# Question Answering with BERT and HuggingFace

This notebook shows a simple example of using pre-trained BERT models from HuggingFace. What will be shown:
- Loading a pre-trained model for Question Answering.
- Evaluating the model of some simple examples
- Fine-tune training the model on a new dataset
- Evaluating the fine-tuned trained model

From pipelines from HuggingFace we can find pre-trained transformer models for a variety of tasks like sentiment analysis, question answers, etc --> [Link](https://huggingface.co/docs/transformers/v4.21.0/en/main_classes/pipelines)
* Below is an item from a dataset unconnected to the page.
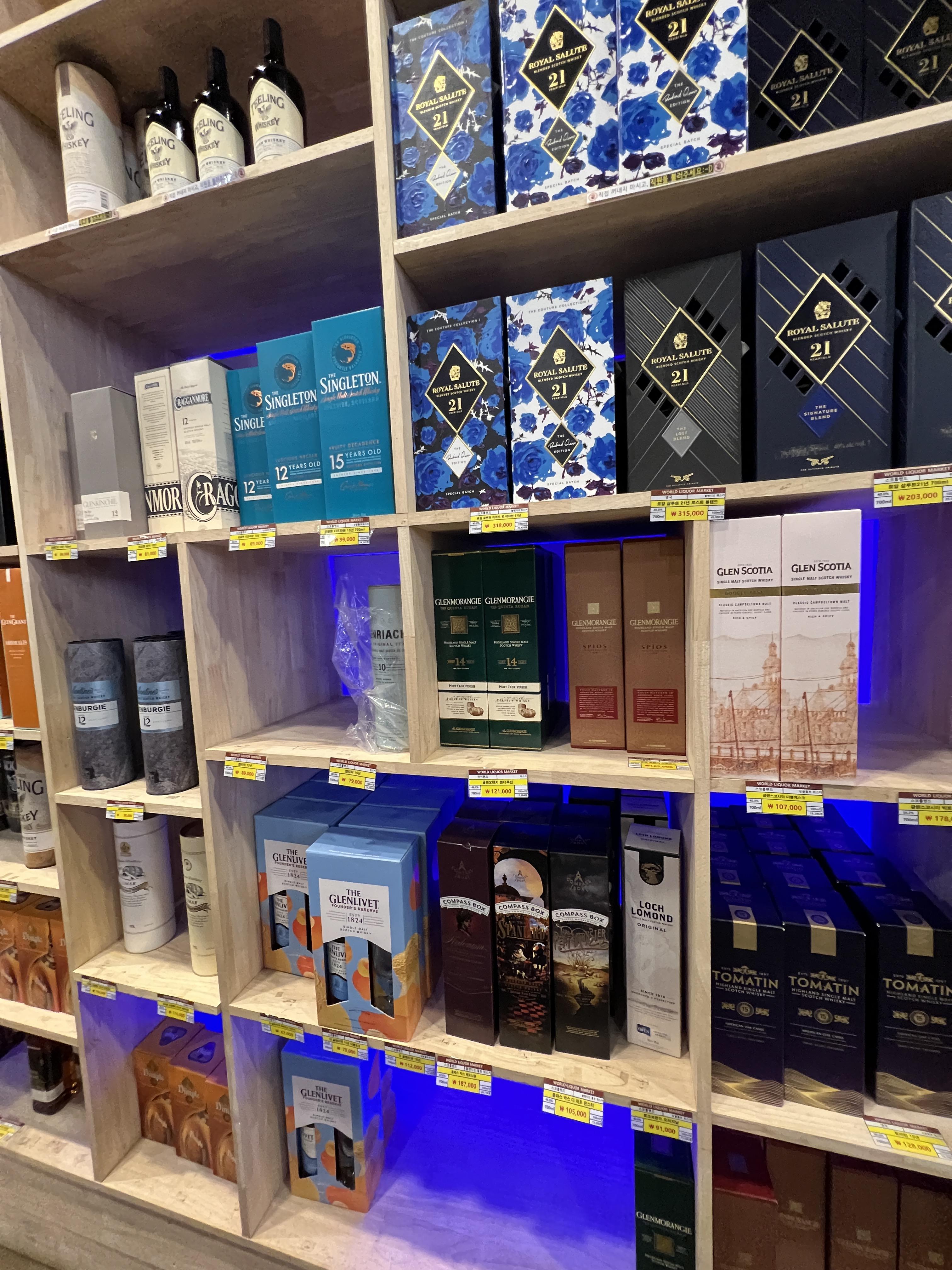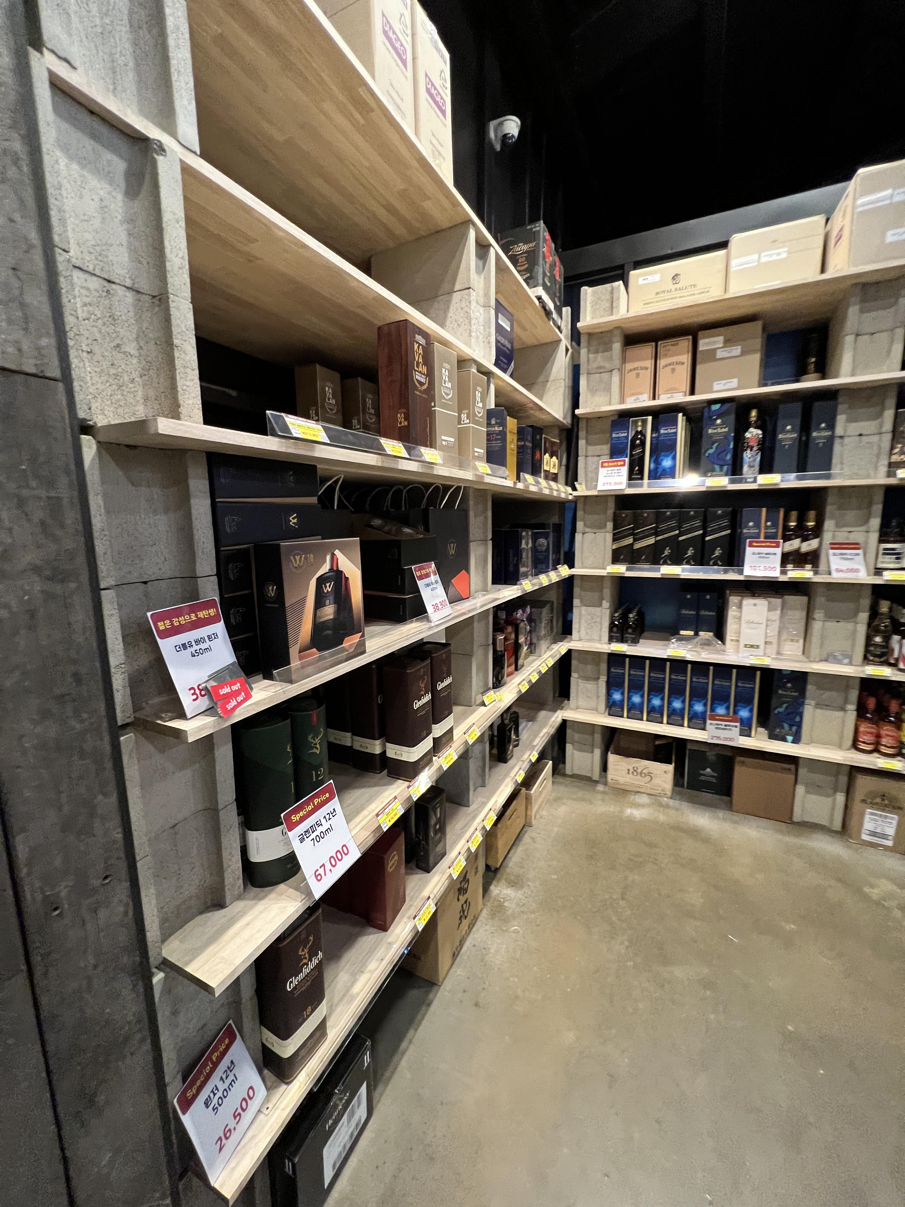 위스키 코너에 사람들이 정말 많아요. 짐볼, 잭다니엘, 산토리, 발렌타인, 조니워커 등 한정판 위스키부터 특이한 위스키 몇백만원짜리 위스키 등 엄청 다양하게 있어서 여기서만 있는 제품을 사러 서울, 경기도, 대전, 원주 등 전국에서 직접 찾아오시는분들도 있고 서울에서 속초 강릉 양양 다녀오다가 중간에 와서 사서 가시는분들도 많이 계시더라구요.

Two parameters will be give to the pipeline: task (at the moment has 16 options) and model (a model identifier or an actual instance of a pretrained model inheriting from PreTrainedModel for PyTorch). When calling the pipeline for a specific model, sometimes the task parameter can be ignored as the model already has that information.


For question answering we can refer to --> [Link](https://huggingface.co/docs/transformers/main_classes/pipelines#the-pipeline-abstraction) and we use this model [Model](https://huggingface.co/distilbert-base-cased-distilled-squad) we can see from the documentation of the model what it has been trained on.

In [1]:
#!pip install transformers

In [4]:
from transformers import pipeline



In [5]:
QA = pipeline(task="question-answering", model="distilbert-base-cased-distilled-squad")
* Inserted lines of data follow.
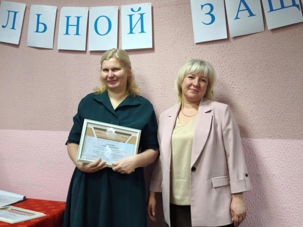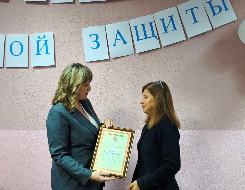 За добросовестный труд, активную гражданскую позицию, личный вклад в реализацию уставных целей и задач РОО «Белая Русь» и в связи с профессиональным праздником – Днем работников социальной защиты грамотой Первомайской районной организации г. Бобруйска РОО «Белая Русь» награждена бухгалтер Центра Елена Дмитриевна Порсик.
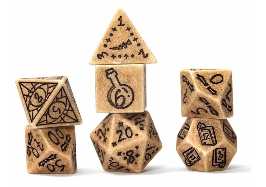 Dice wizardry at its best! The Illusory Stone 7-set polyhedral dice collection gives the aesthetic allure of stone with the lightweight and tactile sensation of resin! Every set showcases intricate glyphs and numbers with vintage charm.
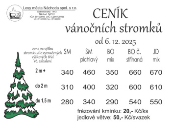Společnost Lesy města Náchoda, spol. s r.o. pořádá jako každoročně tradiční prodej vánočních stromků a vánočního kapra u Lesní správy v Náchodě.
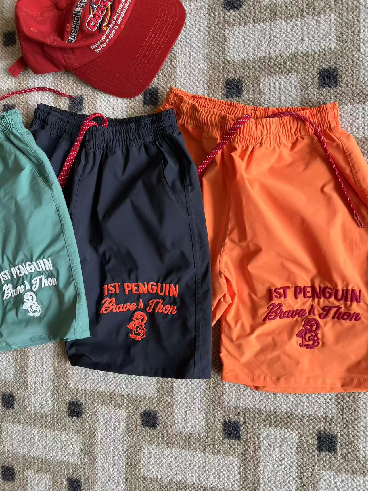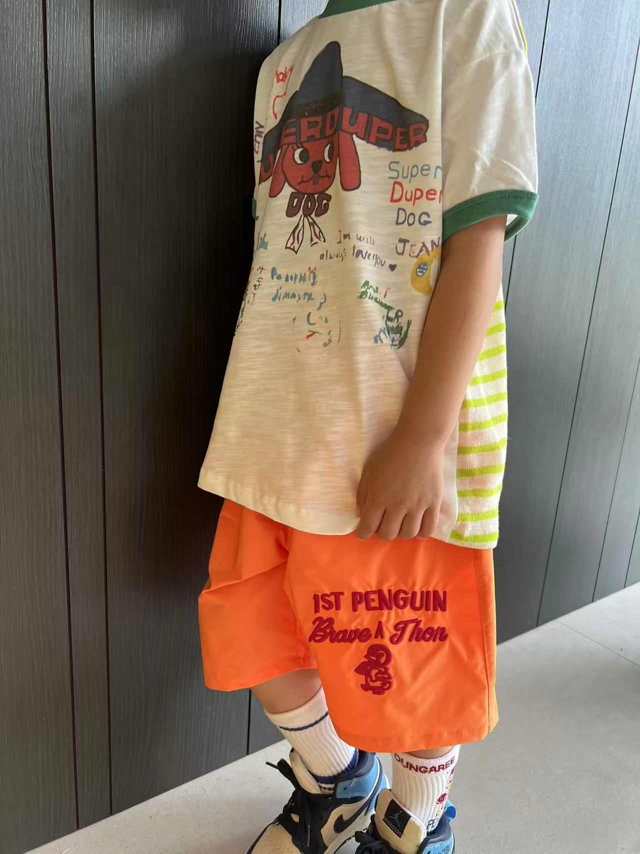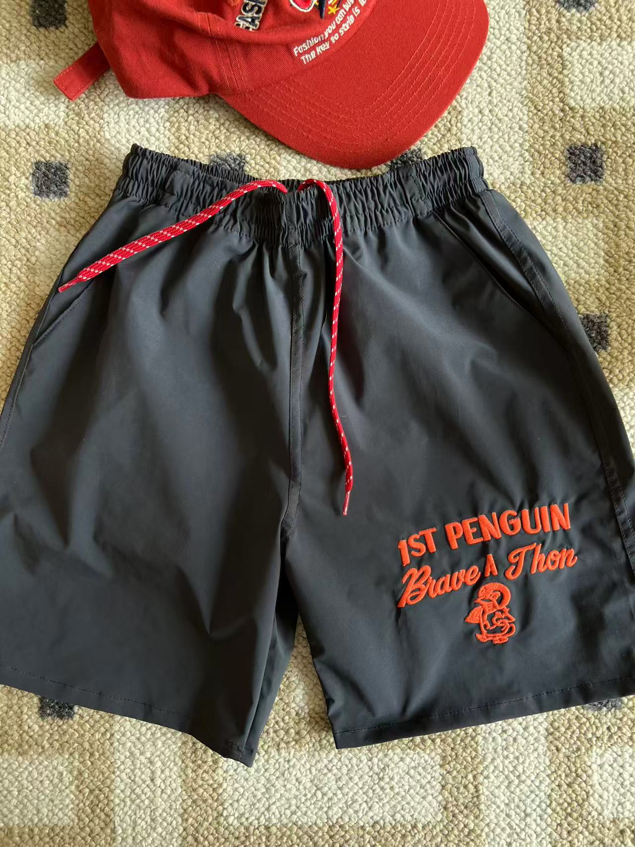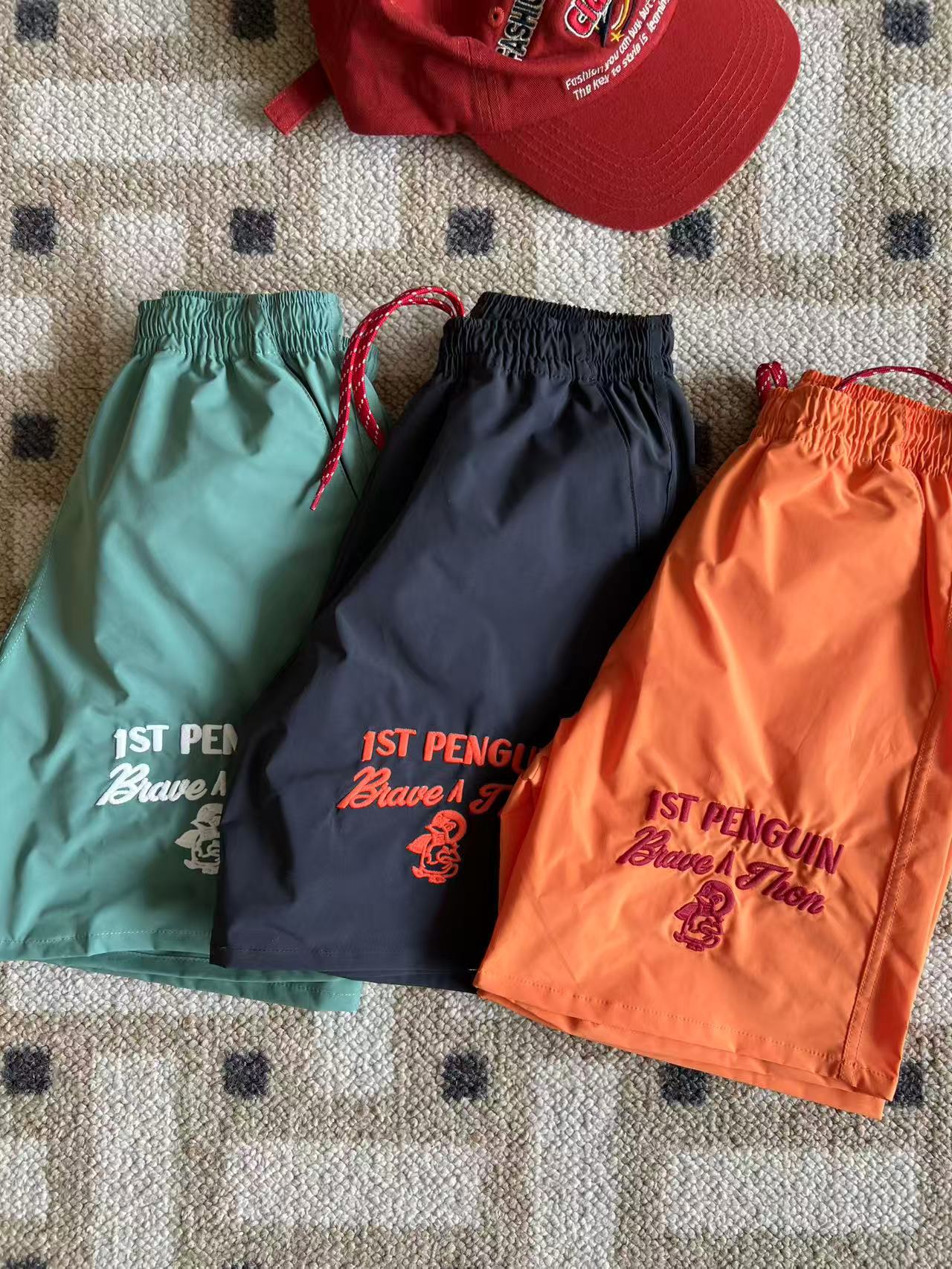 dd 일본 아동복 25 여름 새 스타일 짠 반바지 자수 펭귄 캐주얼 속건성 소년 소녀 비치 반바지스토어 가기
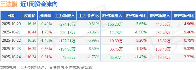 资金流向数据方面,本周三达膜主力资金合计净流出859.09万元,游资资金合计净流出68.51万元,散户资金合计净流入927.6万元。本周资金流向一览见下表:
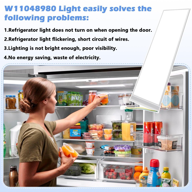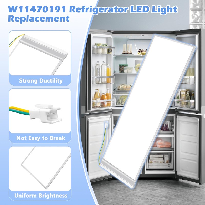 - PROBLEM SOLVED: The W11470191 refrigerator LED light replacement easily solves the following problems: Inadequate lighting and poor visibility. Refrigerator light does not come on when opening the refrigerator door. Refrigerator light flickers, short circuit of wires. No energy saving, wasting electricity. Simple installation can solve the above problems.
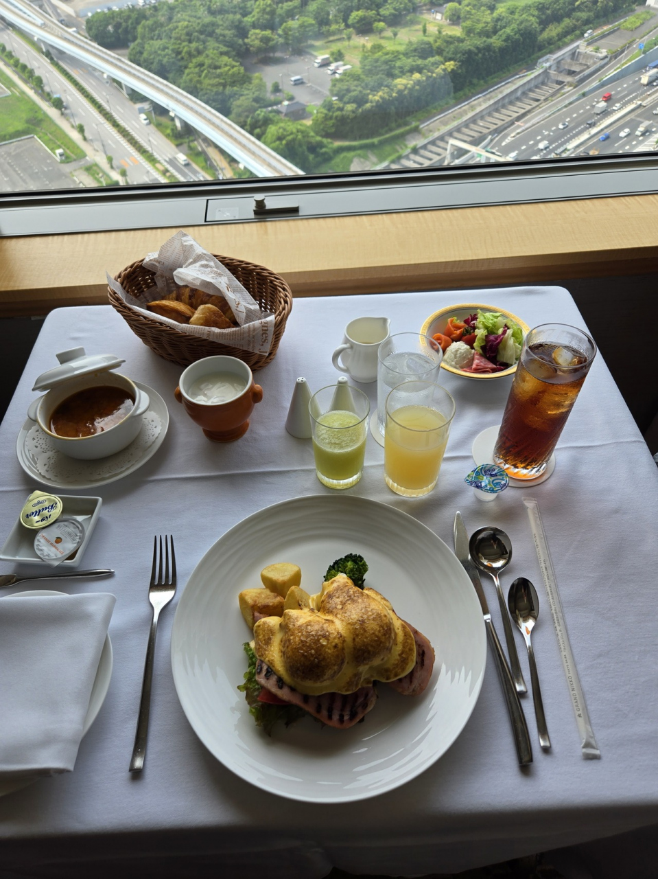 朝食はプランについていた、エッグベネディクトの朝食をルームサービスでお願いしました。

If we chose not use the pipleline, we have to use a tokenizer to process the sentence first. Then 'with no grad' we pass the dictionary returned by the tokenizer to the model. The model link gives an example [Link](https://huggingface.co/distilbert-base-cased-distilled-squad). The examples don't have much details usually and you would need to try a few times to become familiar how they actually work. 

Sometimes even the format of the returned parameters from the model are not discussed or shown!

### Simple test 1

In [32]:
context = """
I have to pick up the kids from the school at 5 in the afternoon today. But tomorrow I have to do that two hours earlier
"""

In [33]:
questions = [
            "When should I be at the school today?",
             "What time should I pick them up tomorrow?",
             "From where should I pick them up?"
          ]

answers = QA(question = questions, context = context)

print(answers)


[{'score': 0.3463056683540344, 'start': 47, 'end': 65, 'answer': '5 in the afternoon'}, {'score': 0.4067622125148773, 'start': 47, 'end': 65, 'answer': '5 in the afternoon'}, {'score': 0.8328907489776611, 'start': 33, 'end': 43, 'answer': 'the school'}]
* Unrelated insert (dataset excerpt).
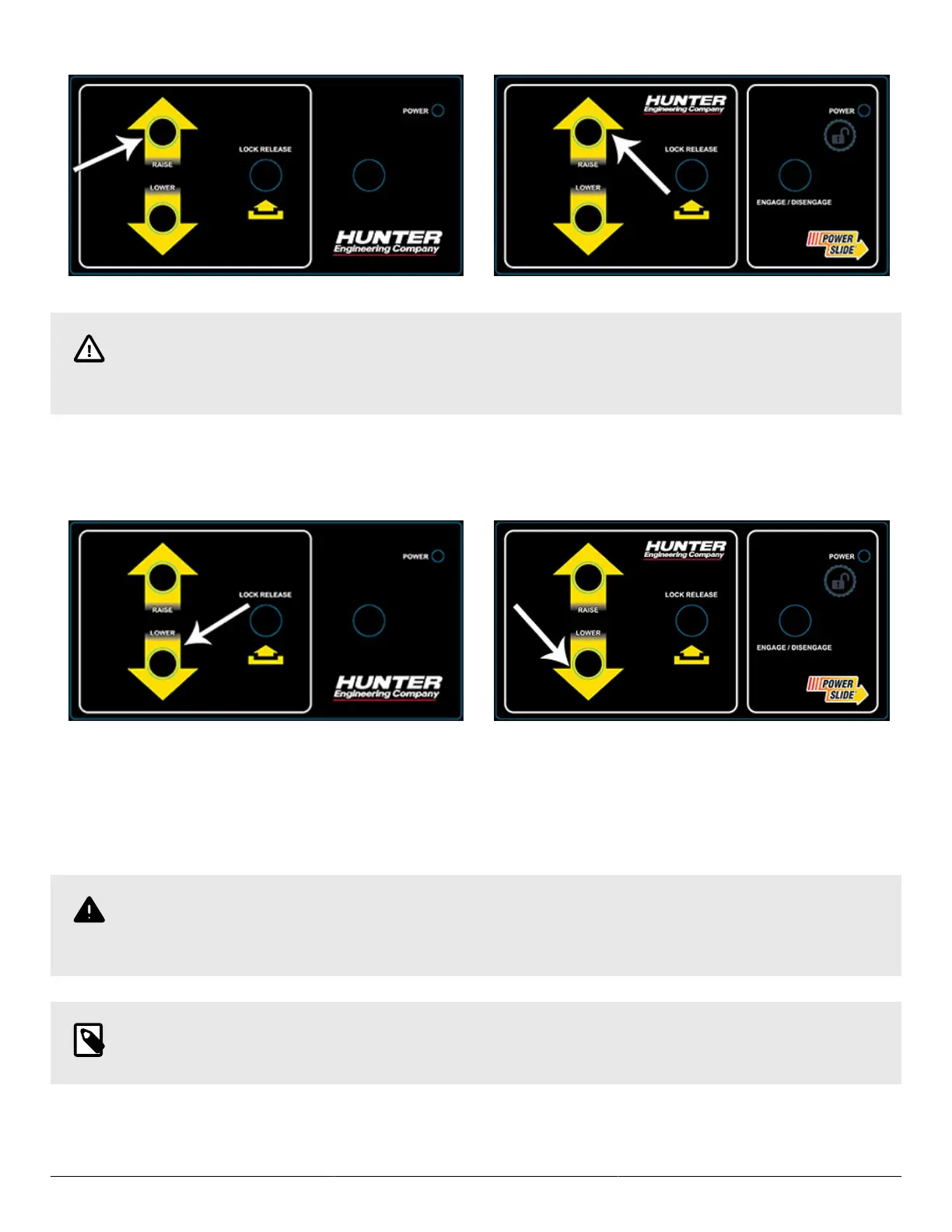 Depress and hold the “RAISE” button until the lift rises off the locks (approximately 1 inch [25 mm]).
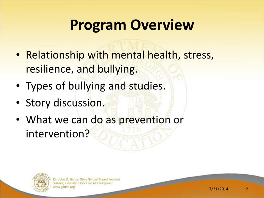 Program Overview • Relationship with mental health, stress, resilience, and bullying. • Types of bullying and studies. • Story discussion. • What we can do as prevention or intervention?

We can see that the model returns a list of dictionaries. The text of the answer can be retrieved by the key 'answer' and the score given by the 'score'. Location of the answer is also return by 'start' and 'end' key.

In [36]:
for question, answer in zip(questions, answers):
    print(question, "\n>> " + answer['answer'] + "\nCorrectness score: " + str(answer['score']) + "\n")

When should I be at the school today? 
>> 5 in the afternoon
Correctness score: 0.3463056683540344

What time should I pick them up tomorrow? 
>> 5 in the afternoon
Correctness score: 0.4067622125148773

From where should I pick them up? 
>> the school
Correctness score: 0.8328907489776611



Well, OK but not so smart perhaps.

## Simple test 2

A paragraph from wikipedia about San Francisco's 1906 earth quake.

In [38]:
context = """
The 1906 earthquake preceded the development of the Richter magnitude scale by three decades. 
The most widely accepted estimate for the magnitude of the quake on the modern moment magnitude scale is 7.9. 
Values from 7.7 to as high as 8.3 have been proposed.
According to findings published in the Journal of Geophysical Research, 
severe deformations in the earth's crust took place both before and after the earthquake's impact. 
Accumulated strain on the faults in the system was relieved during the earthquake, 
which is the supposed cause of the damage along the 450-kilometre-long (280 mi) segment of the San Andreas plate boundary.
The 1906 rupture propagated both northward and southward for a total of 296 miles (476 km).
Shaking was felt from Oregon to Los Angeles, and as far inland as central Nevada.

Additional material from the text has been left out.